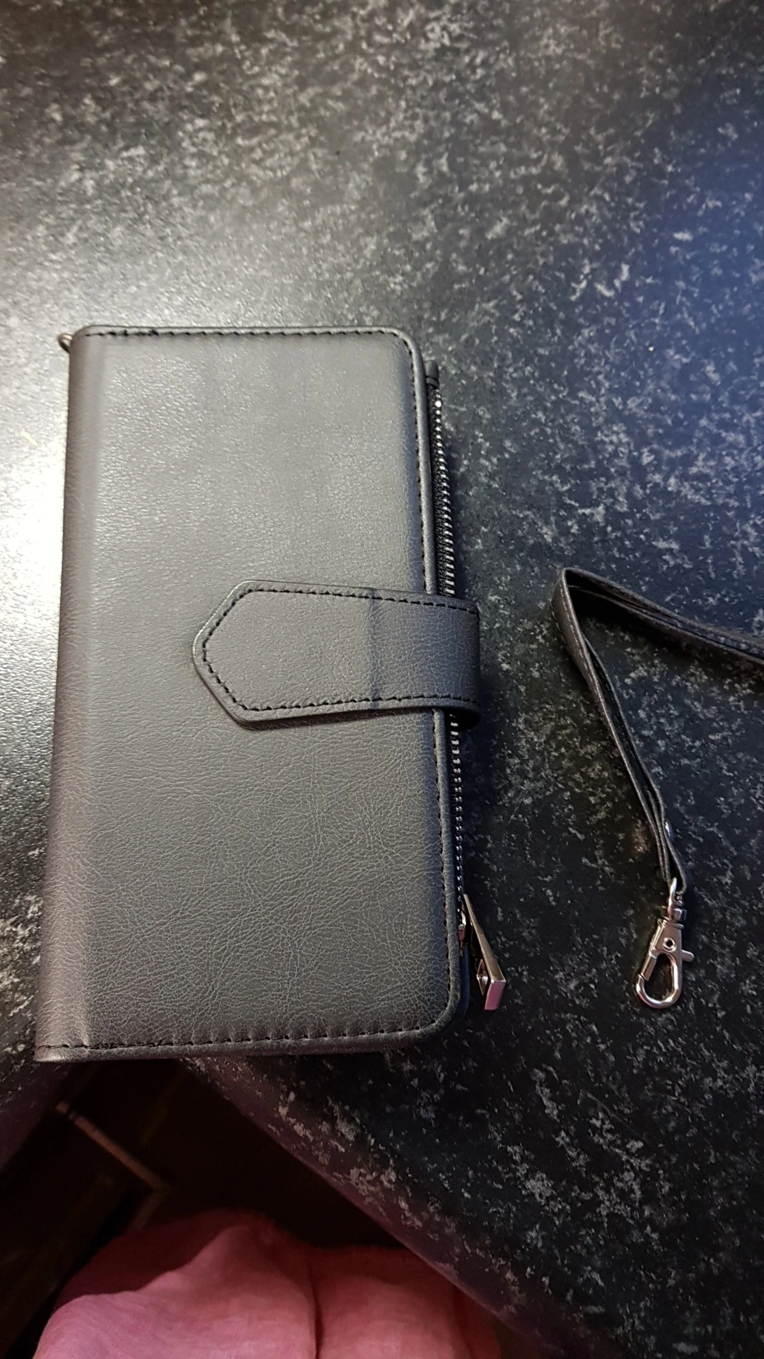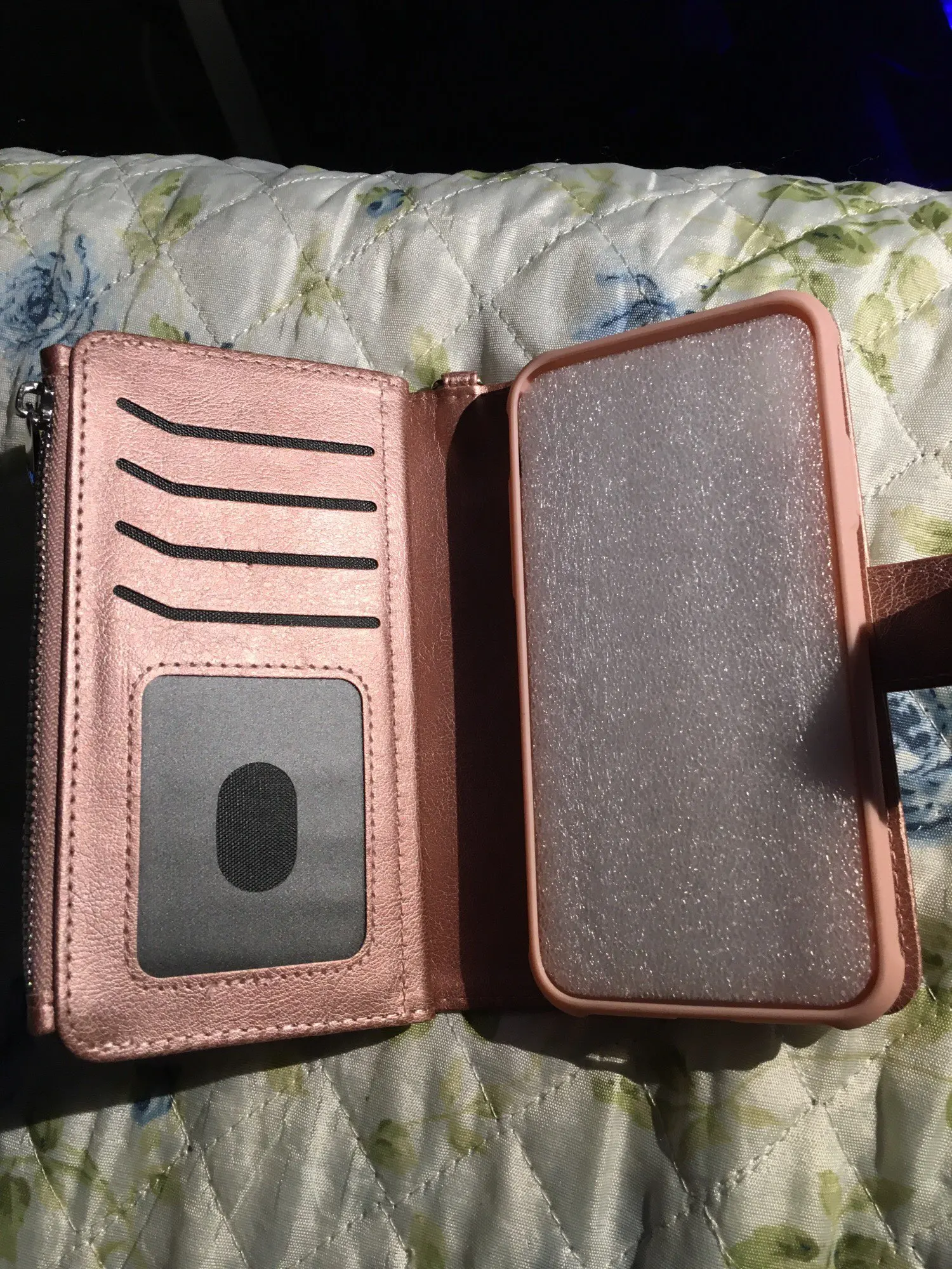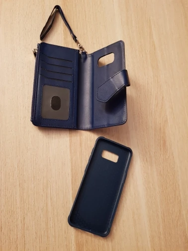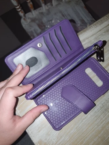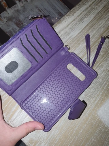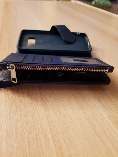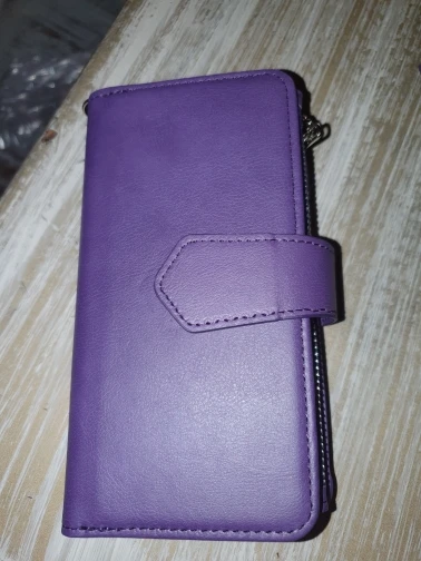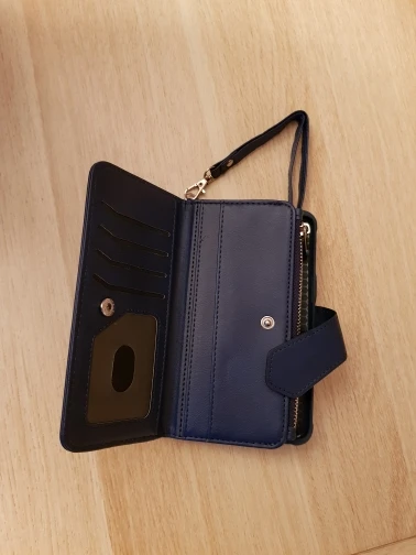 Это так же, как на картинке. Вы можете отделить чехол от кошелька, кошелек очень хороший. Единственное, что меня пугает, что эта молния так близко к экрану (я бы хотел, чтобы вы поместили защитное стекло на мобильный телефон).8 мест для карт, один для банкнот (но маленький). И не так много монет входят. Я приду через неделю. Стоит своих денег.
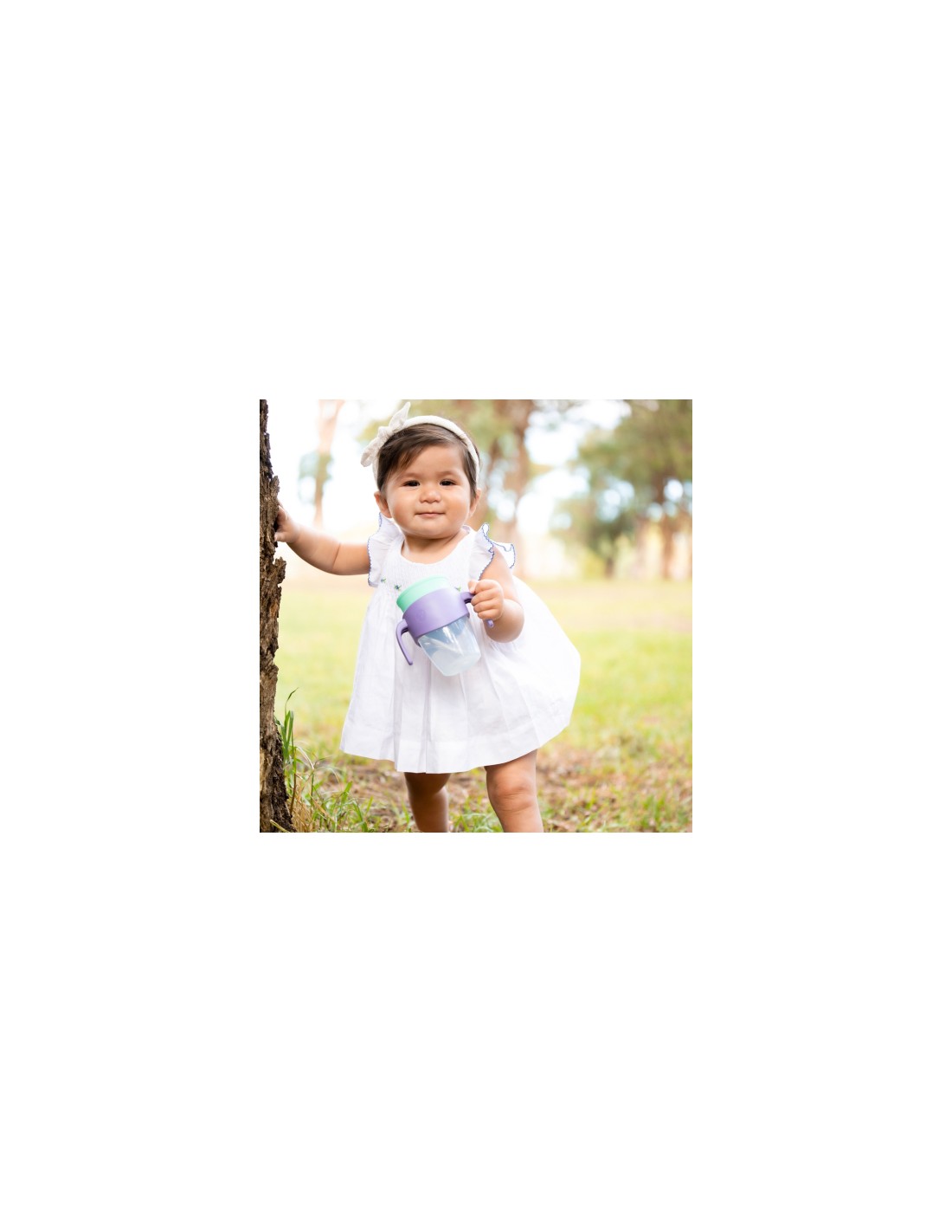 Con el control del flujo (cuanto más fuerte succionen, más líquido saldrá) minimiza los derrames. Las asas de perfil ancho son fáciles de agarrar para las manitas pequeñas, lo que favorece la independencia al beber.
==
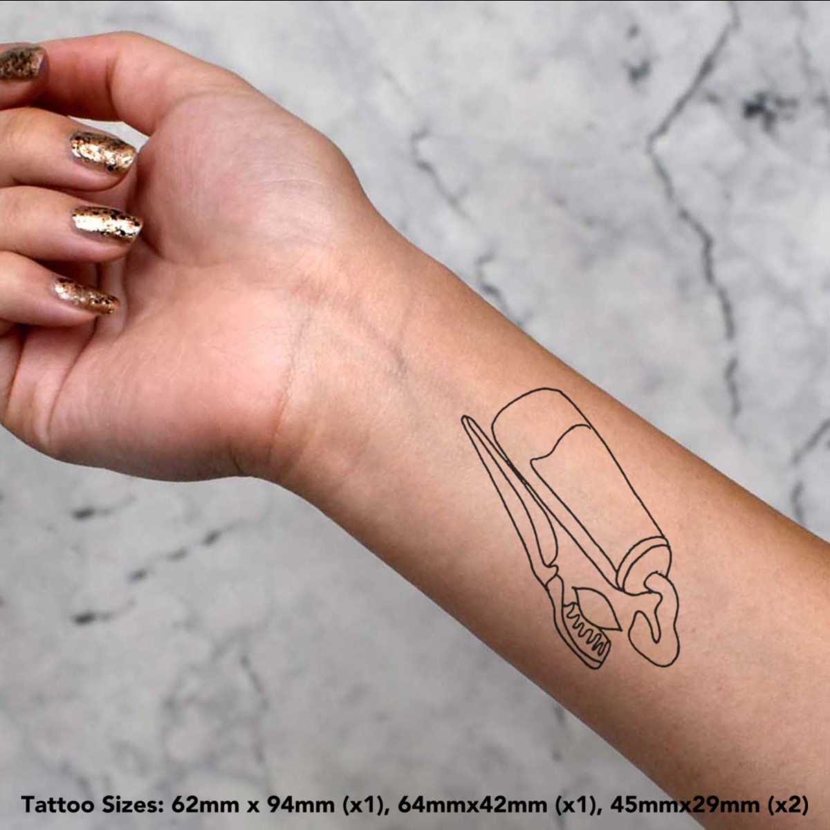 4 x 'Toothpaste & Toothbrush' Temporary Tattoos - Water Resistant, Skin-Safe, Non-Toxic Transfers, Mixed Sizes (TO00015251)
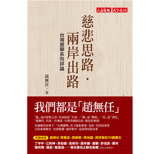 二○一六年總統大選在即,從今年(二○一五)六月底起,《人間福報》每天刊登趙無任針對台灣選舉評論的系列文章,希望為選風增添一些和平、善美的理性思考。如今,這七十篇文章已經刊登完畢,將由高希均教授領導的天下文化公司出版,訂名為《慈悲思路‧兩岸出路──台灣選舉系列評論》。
---
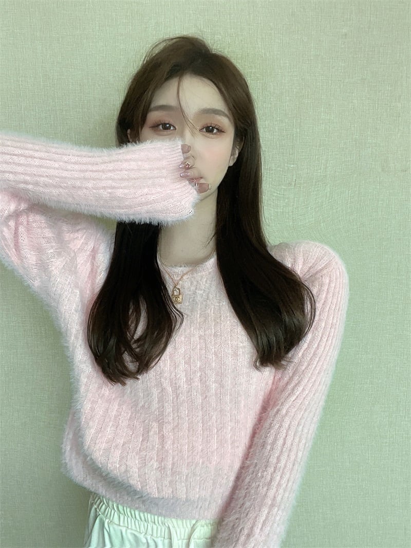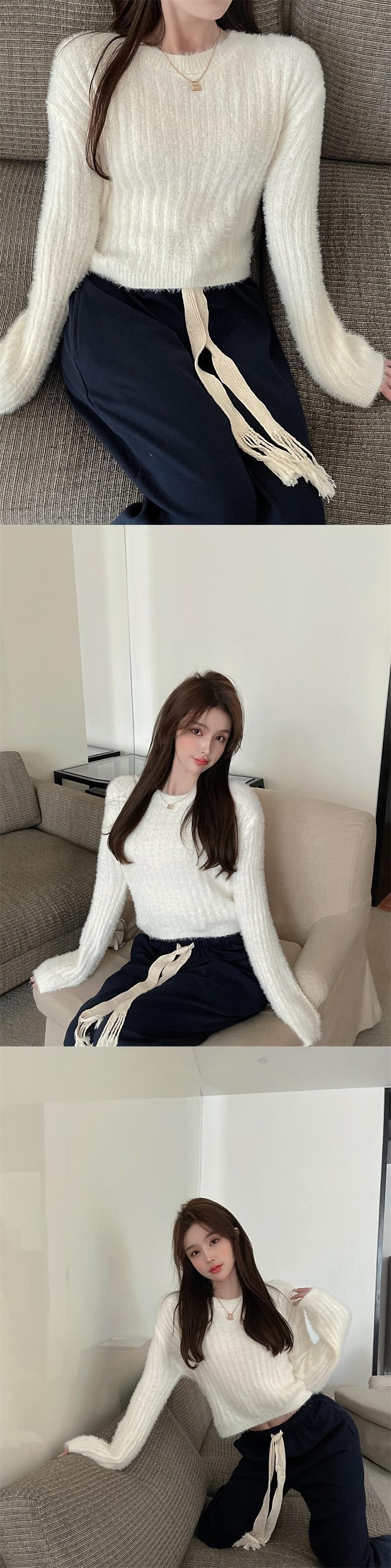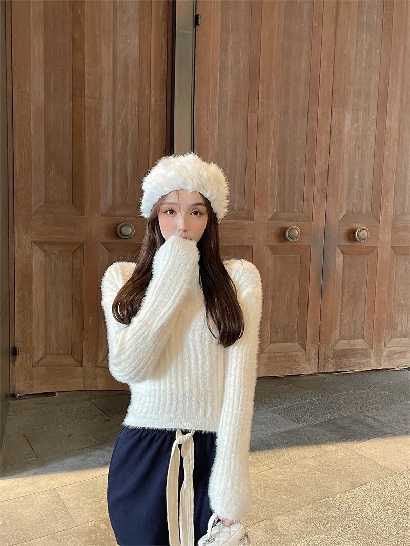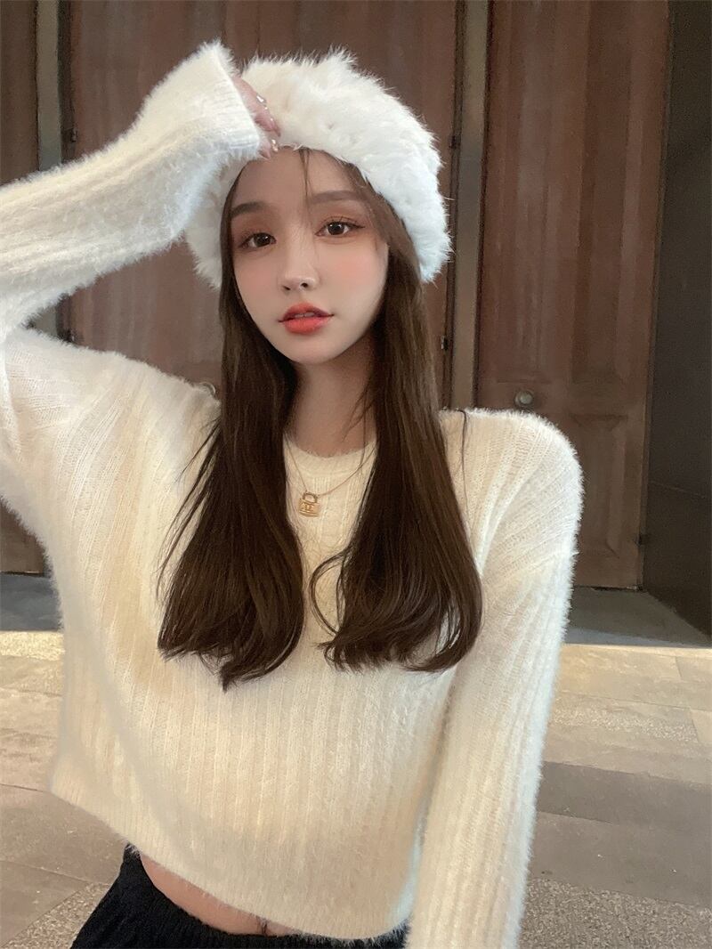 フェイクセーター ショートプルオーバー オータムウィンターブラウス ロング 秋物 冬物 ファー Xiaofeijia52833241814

**Task to carry out**
If a picture sits between the line containing "Это так же, как" and the line containing "Con el control", leave it out, and return the lines of that range above exactly, both ends included.

**Response area**
 Это так же, как на картинке. Вы можете отделить чехол от кошелька, кошелек очень хороший. Единственное, что меня пугает, что эта молния так близко к экрану (я бы хотел, чтобы вы поместили защитное стекло на мобильный телефон).8 мест для карт, один для банкнот (но маленький). И не так много монет входят. Я приду через неделю. Стоит своих денег.
 Con el control del flujo (cuanto más fuerte succionen, más líquido saldrá) minimiza los derrames. Las asas de perfil ancho son fáciles de agarrar para las manitas pequeñas, lo que favorece la independencia al beber.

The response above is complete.